These summaries are not that useful. Using posterior medians +/- credible intervals is never as informative as are visualisations of model parameters. Visualise posterior estimates for \(\alpha\)
and overlay the true simulated value in black
hist(fit$draws("alpha", format = "draws_matrix"),
col = c_mid_highlight, border = 'white', lwd = 2,
main = '', yaxt = 'n', ylab = '', xlab = expression(alpha))
abline(v = alpha, lwd = 3.5, col = 'white')
abline(v = alpha, lwd = 3, col = 'black')
Repeat for the GP length scale parameter, \(\rho\)

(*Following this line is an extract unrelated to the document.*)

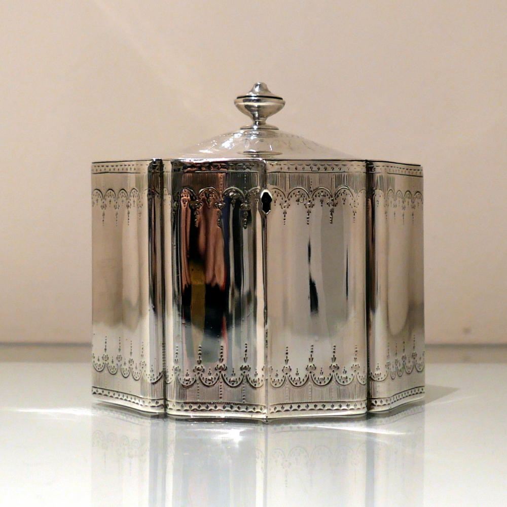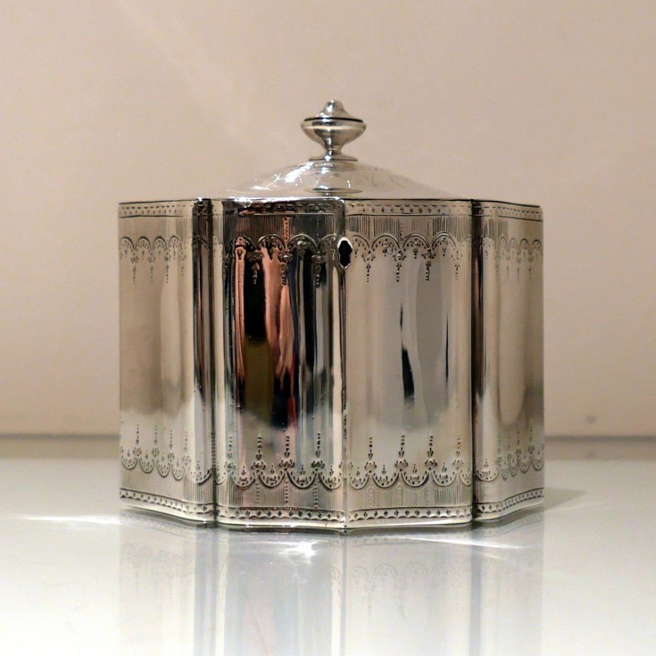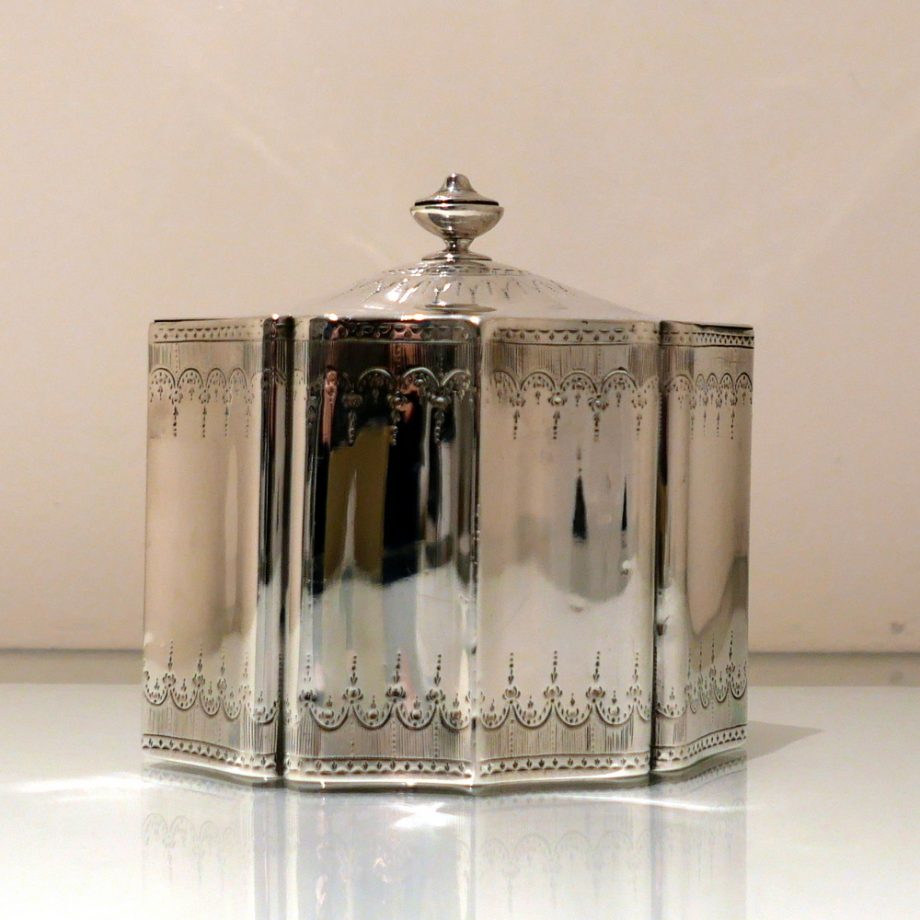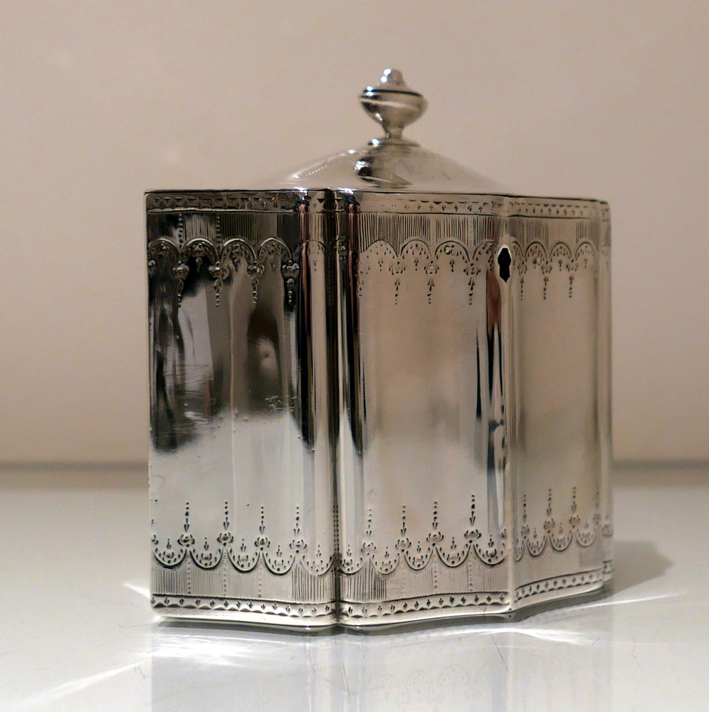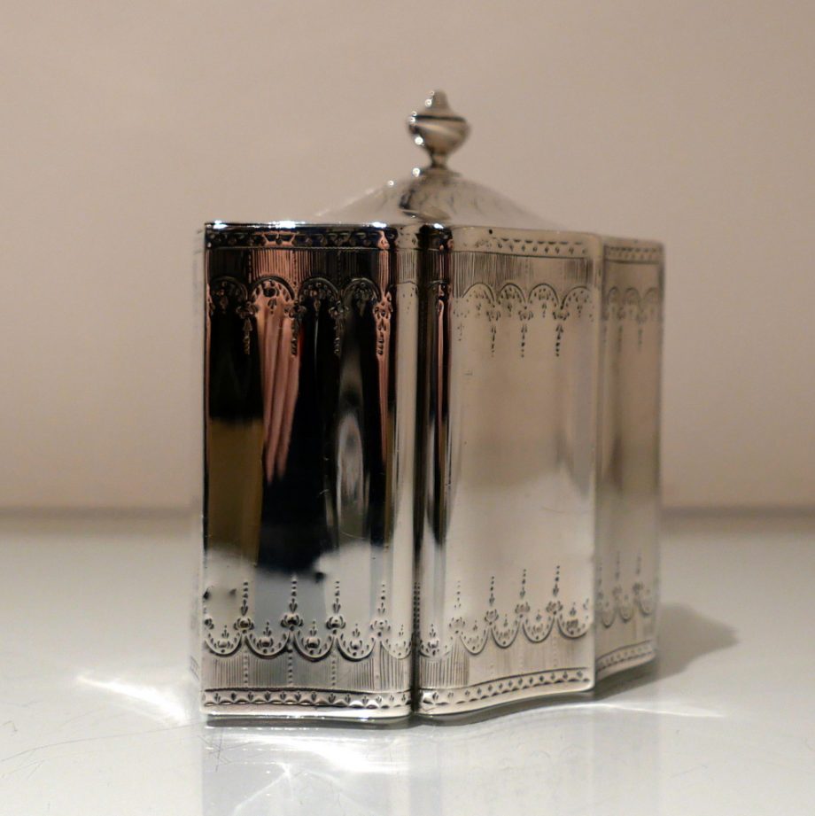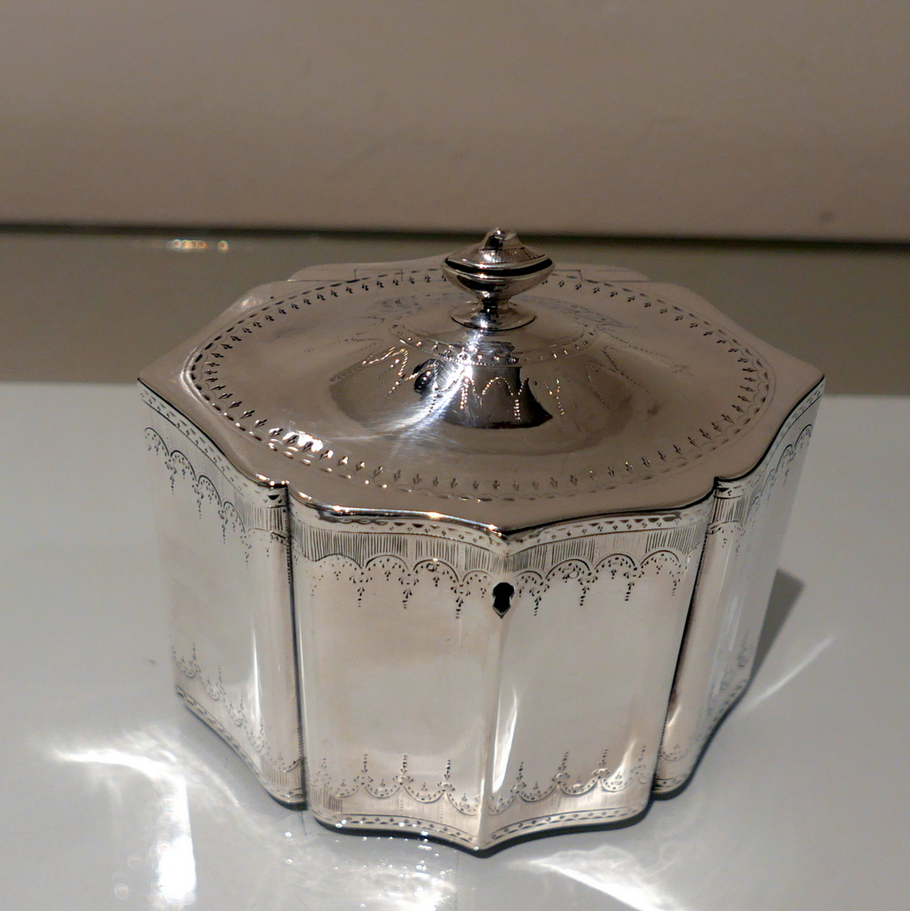 A very fine and incredibly rare shaped Georgian tea caddy designed with beautiful curvaceous panels and upper and lower elegant bright cut engraved borders. Â The domed lid is hinged and has additional bright cut engraving for highlights.

hist(fit$draws("rho", format = "draws_matrix"),
col = c_mid_highlight, border = 'white', lwd = 2,
main = '', yaxt = 'n', ylab = '', xlab = expression(rho))
abline(v = rho, lwd = 3.5, col = 'white')

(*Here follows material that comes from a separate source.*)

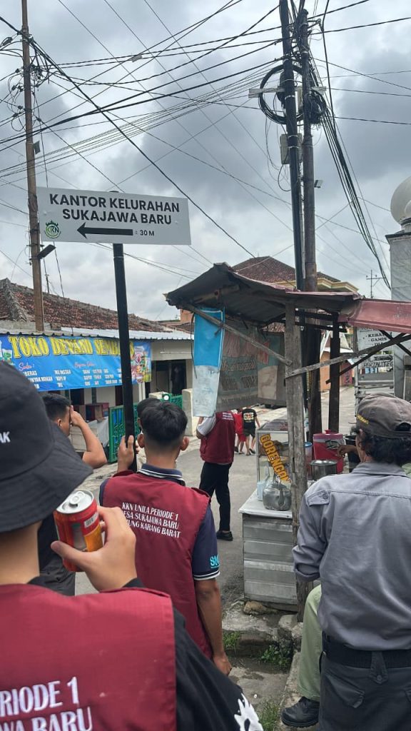 Pada hari Senin, 19 Januari 2026, mahasiswa Kuliah Kerja Nyata (KKN) Universitas Lampung melaksanakan salah satu program kerja di Desa Suka Jawa Baru, yaitu pemasangan papan penunjuk arah menuju kantor kelurahan yang baru. Kegiatan ini dilaksanakan sebagai bentuk kontribusi nyata mahasiswa dalam membantu meningkatkan kemudahan akses informasi bagi masyarakat.

abline(v = rho, lwd = 3, col = 'black')
Now look at the regression coefficient for precipitation, \(\beta_{precip}\)
. You could (and generally should) also devise scenarios for prediction to help you better understand the model’s assumptions. But we will leave parameter inspection here for now
hist(fit$draws("beta[1]", format = "draws_matrix"),
col = c_mid_highlight, border = 'white', lwd = 2,
main = '', yaxt = 'n', ylab = '', xlab = expression(beta[precip]))
abline(v = beta_precip, lwd = 3.5, col = 'white')
abline(v = beta_precip, lwd = 3, col = 'black')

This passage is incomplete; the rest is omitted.